By allowing ads to appear on this site, you support the local businesses who, in turn, support great journalism.
Tent revival: Win souls for the Lord
St. Paul United Methodist Church members and visitors worship Friday evening during the final night of the weeklong tent revival. The church set up a tent and chairs at the corner of Athens and Mill streets.

Spirits were high on Friday night as the sun was setting and devotion and worship began at the tent revival held by St. Paul United Methodist Church of Gainesville.

Church members were wrapping up their weeklong revival, which was held at a tent located at Mill and Athens streets. Family Fun Night wrapped up the event on Friday with games for the kids and free food. More than 100 people attended each night of the revival, according to organizers.

People were singing and clapping along during fellowship, kids were playing and munching on hot dogs, and moms walked around, smiling and holding onto their cameras.

This is only the second year that the tent revival has been held, but St. Paul members are hoping to continue it as an annual event.

"I think the ministry is supposed to be outside the church walls, so that’s what we’ve been trying to do for the past two years," said James Wills, a Gainesville resident and member of St. Paul United Methodist.

"This is an opportunity for us to bring the word out to the people," said Emory Turner, a Gainesville resident who was at the tent revival with his 10-year-old granddaughter, Maya. "A lot of people are hesitant to go to this church or that church because of the commitment, so the church can come out to them."

Maya, who is a fifth-grader at Benefield Elementary in Lawrenceville, said she enjoyed making some of the signs for the event.

"That’s her artwork," her grandfather said, as Maya pointed at one of her signs. "She likes being artistic."

Turner plans on coming to the event again, and he expects it to be even bigger next year.

Evangelist Tonya Moon of Gainesville, one of the outreach coordinators at St. Paul, hopes that more churches in the community will join forces with St. Paul next year.

Moon also hopes that the tent revival will help others.

"We have praise and worship, we offer prayer. Most of all, it’s just been trying to reach out to the lost ones," she said. "That’s our main goal right there — trying to take the church out of the four walls, reaching out to the lost ones, and giving encouragement and inviting them in."

And, of course, anyone is welcome to attend. The tent revival is an event that people of all ages can enjoy.

"It builds up the body," Moon said. "Some of the people here who walk on the streets would never go into the church because they feel hopeless, they feel worthless, and they feel like they’re not welcome. If we don’t come out here, then those lost souls will always be out there feeling that way."

The tent revival is also a way for people of all different backgrounds and religious affiliations to come out and worship the Lord together.

Moon said the tent revival "tears down the barriers of different denominations. We have so many different denominations in the community, but there’s only one Savior. We all have the same goal, and that is to save souls — to win souls for the Lord."

People in the community can come to a tent revival and relax in a positive environment without feeling pressured to join a congregation, church members said.

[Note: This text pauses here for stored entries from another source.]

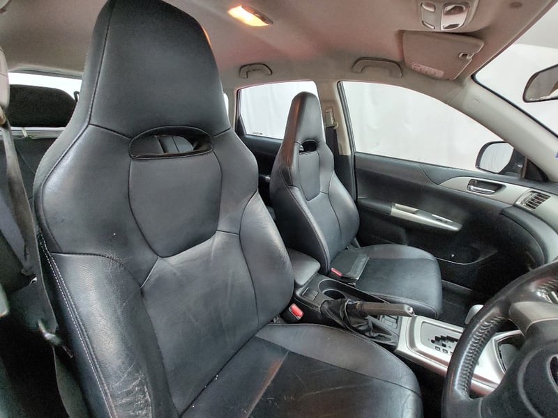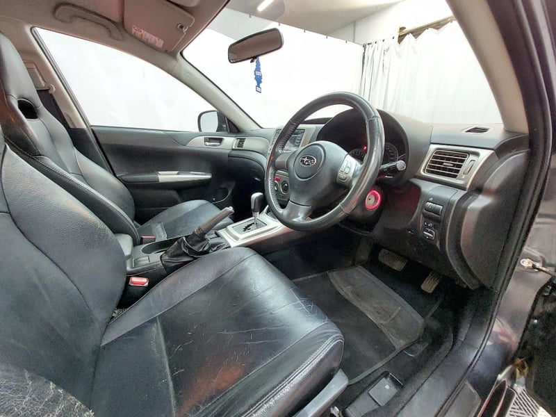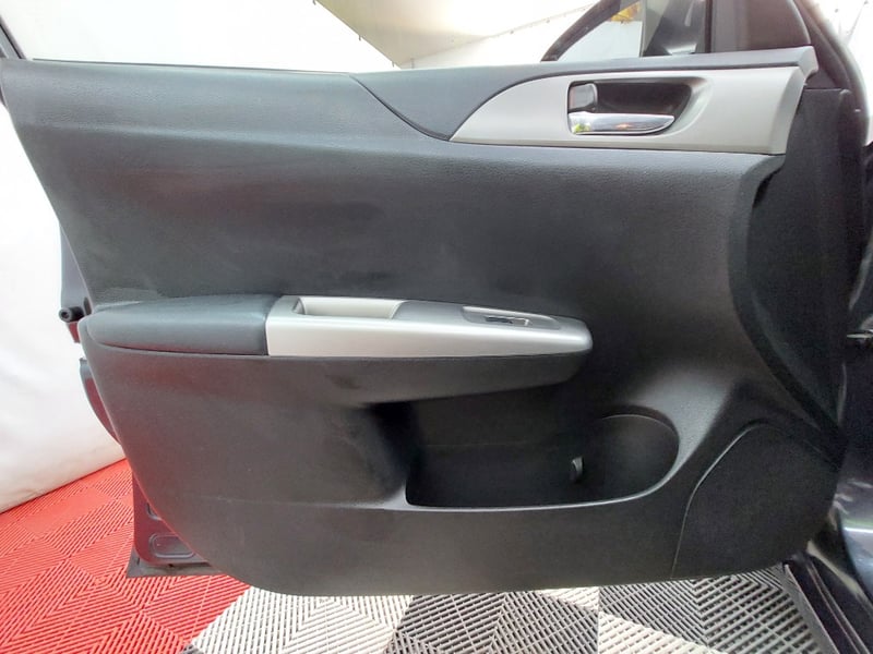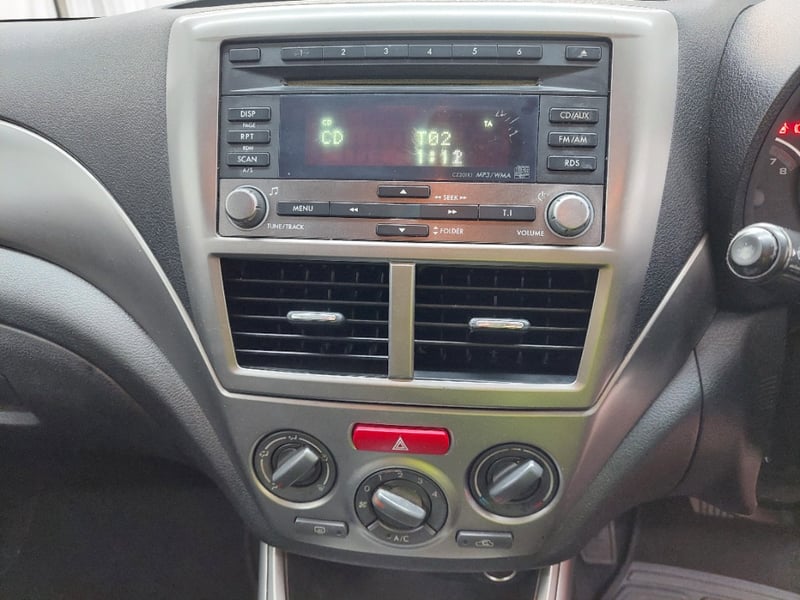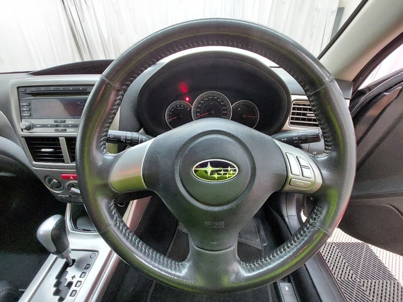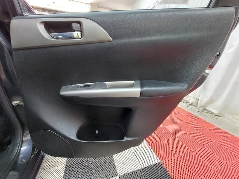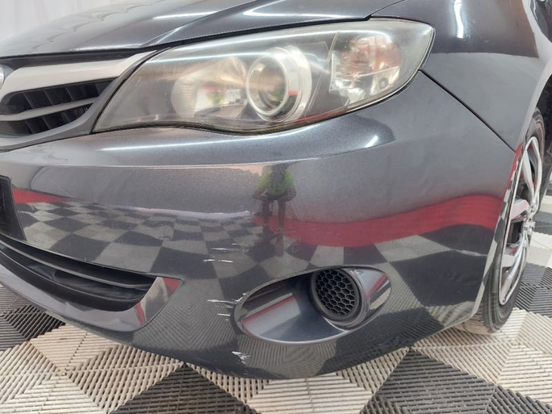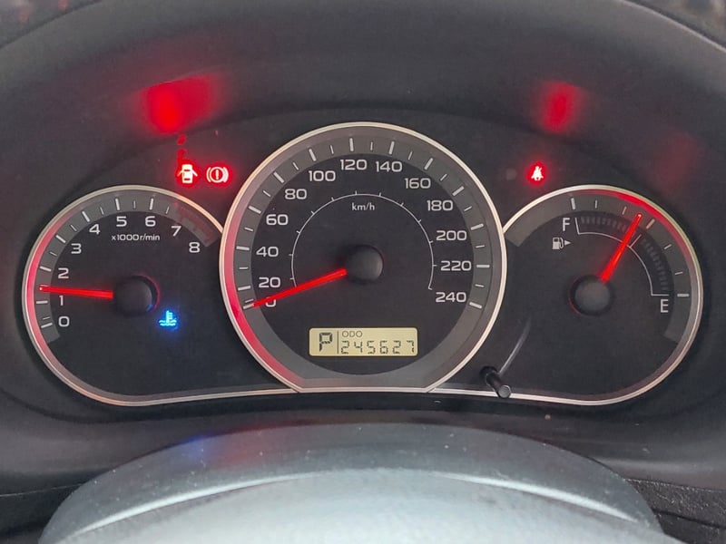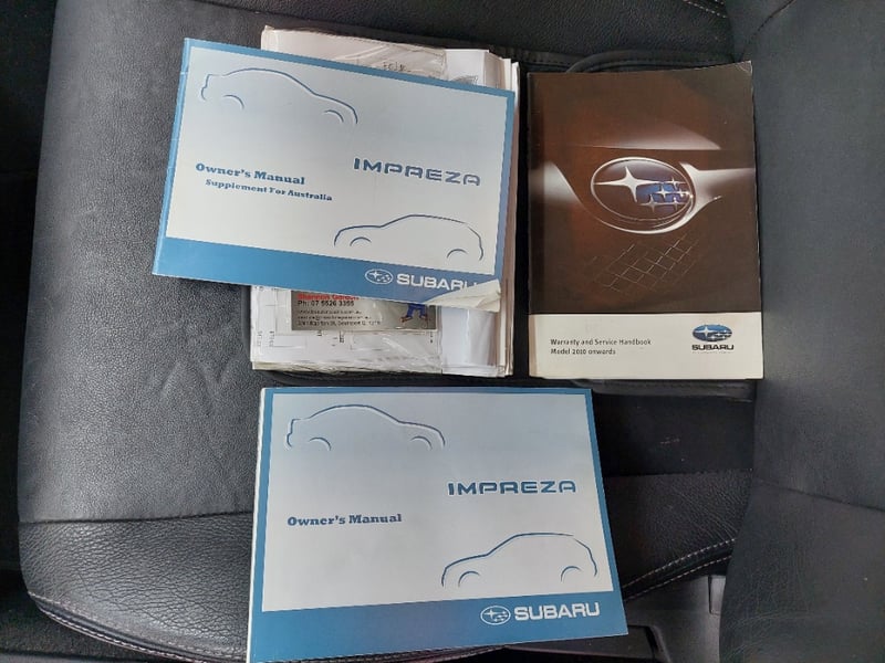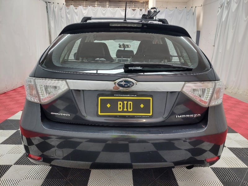 2010 Subaru Impreza G3 four-door hatchback finished in grey with distinctive red accent stripe. This all-wheel-drive compact hatchback features a 2.0-litre naturally aspirated four-cylinder petrol engine paired with a four-speed automatic transmission. The vehicle displays 245,627 kilometres on the odometer and comes equipped with roof-mounted Thule bicycle carriers. The interior presents black leather upholstery with grey trim accents, manual climate control, and a CD/MP3 compatible audio system. Documentation includes owner's manuals and service logbook with maintenance records. The vehicle is presented with original Subaru key fob. Rust corrosion on lower door trim panels, surface rust on door edge seals, minor paint scratches on driver side door handle area, wear marks on leather seat bolsters, scuff marks on interior door panels, minor surface corrosion visible on undercarriage components, light oxidation on exterior trim, worn seat leather with visible creasing, minor dents on rear bumper, scratches on rear reflector lens.. Inspection recommended.
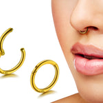 14K Gold Septum Nose Clicker Ring, Lip Piercing Hinged Ring - 20G, 16G Clicker Hoops Body Jewellery Ring - Solid Gold Piercings
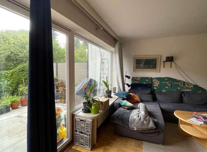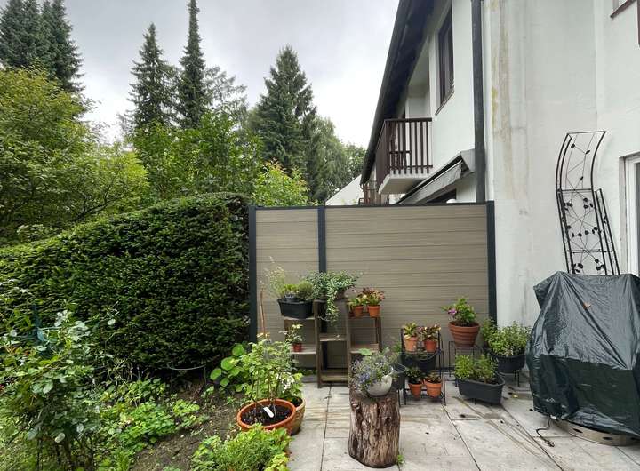 Über den direkten Zugang vom Wohnbereich gelangen Sie auf die Terrasse und in den großzügigen Südwest-Garten, wo Sie auch noch die Sonnenstrahlen in den Abendstunden genießen können.
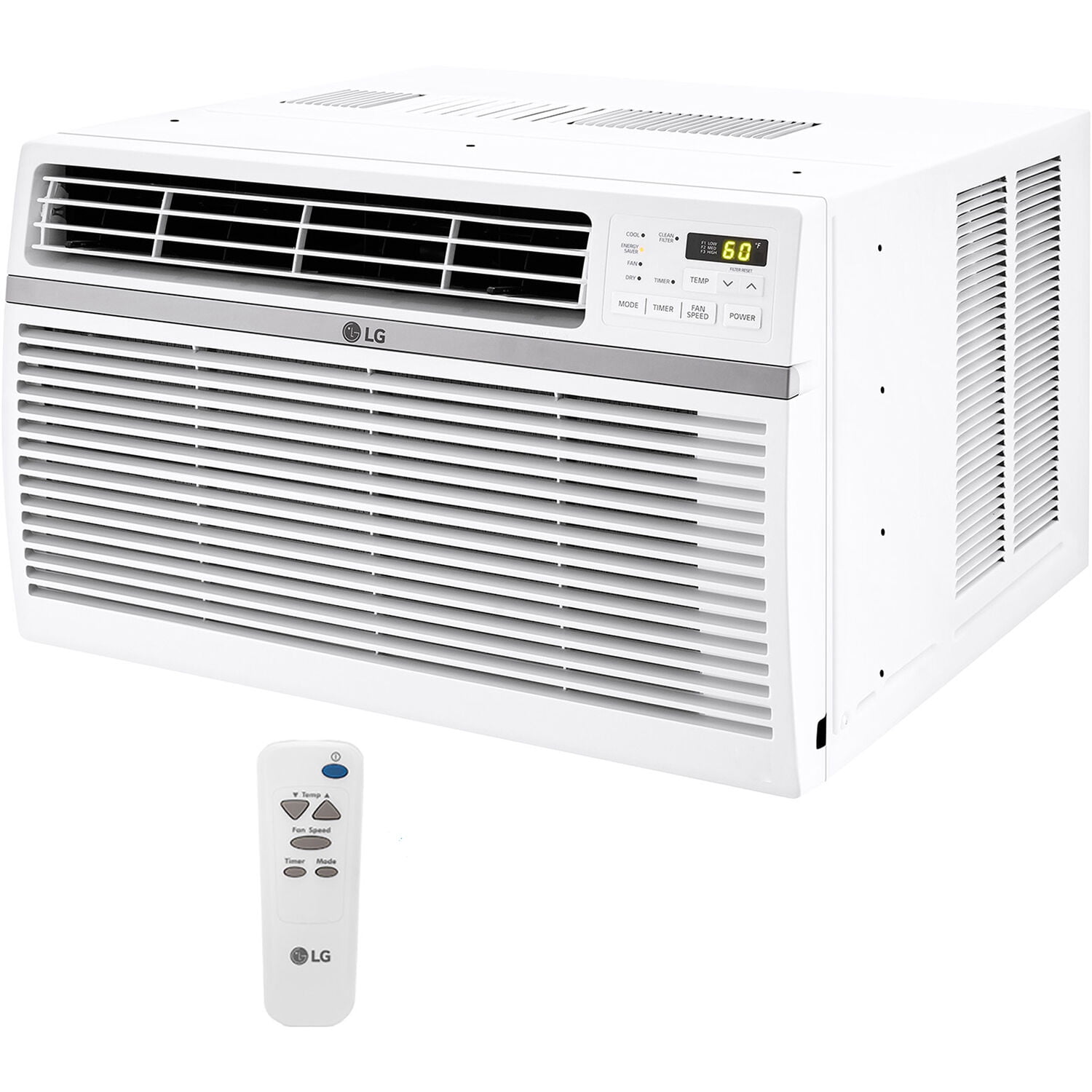 It’s important to get the right air conditioner for the job! The LG 8000 btu 115V LW8016ER is ideal for cooling medium rooms up to 340 sq. ft. This unit has 3 cooling and fan speeds and a 24 hour timer to create a cooling schedule. 4-way air deflection lets the flow of air be directed where it’s needed most whether cooling, dehumidifying or just circulating air. If there is a power outage, the auto restart feature will automatically turn your unit back on when power is restored. Other features include a remote control, easy window installation kit, removable, washable filter and a check filter alert.LG 8,000 BTU 340 sq ft Window Air Conditioner with Remote Control,White,LW8016ER

"Religion has become so formalized and so ritualized that a lot of people may not feel comfortable coming into a formal church setting, feeling obligated to wear a certain kind of clothes to be accepted," said Barbara Brooks, a Gainesville resident and St. Paul member. "Out here, you come as you are. Nobody knows what church you belong to, and nobody knows when the last time you were at church was."

The revival is a chance for people in the community to see and hear what is happening at the event from afar and make the choice for themselves to either join in or listen from a distance to the sounds of song and praise coming from the tent located across the street from a fast-food restaurant, members said.

"People can stand in the parking lot at Burger King without really committing ... but they can hear," said Brooks.

Brooks is very proud of the location for the tent revival because it’s a community site that’s central with good pedestrian traffic.

"Hopefully someone will sit on their porch or walk by and just get something from this."